Instead, I ended my response to the obligatory questions by saying, "I have doubts about my ability to be impartial in this case."

Naturally, they asked me to explain. And I said that I did not believe that the state had any legitimate interest in controlling the use, possession, sale, or production of addictive drugs; that I recognized that it was my legal duty to make a decision based not on my personal beliefs, but on the law; but that this would put me in a position where my legal duty required me to do something that I felt was wrong, and thus I would be in a state of inner conflict, which would make it hard for me to weigh the evidence objectively—for example, I might be excessively skeptical about the testimony of police officers in this case. I discussed the concept of cognitive dissonance briefly and explained how it applied.

They thanked me, and had us wait outside, and a quarter hour later the bailiff came out and told me I was free to go.

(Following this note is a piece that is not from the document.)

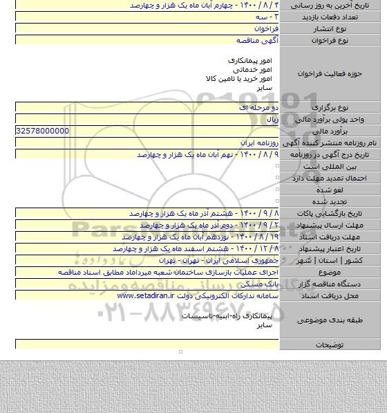 اجرای عملیات بازسازی ساختمان شعبه میرداماد مطابق اسناد مناقصه

The interesting thing about this, for me, is that while I was talking about my difficulty in dealing with this case, I saw the prosecuting attorney trying to resist visibly smiling. . . .

David Friedman said...

Anonymous seems to be misinterpreting the situation. The criminal defendant is entitled to a jury. But the process of selecting jurors involves a stage at which some potential jurors get eliminated for various reasons, and replaced with others.

Anonymous said...

<< On the other hand, I am not at all sure that the world would be a better place if my position on the general issue were more widely held. >>

Here's a possible solution to the dilemma. Ask yourself if your position is absolute (would be valid in all societies), or conditional (is valid now, but might not be your preference in other conceivable circumstances).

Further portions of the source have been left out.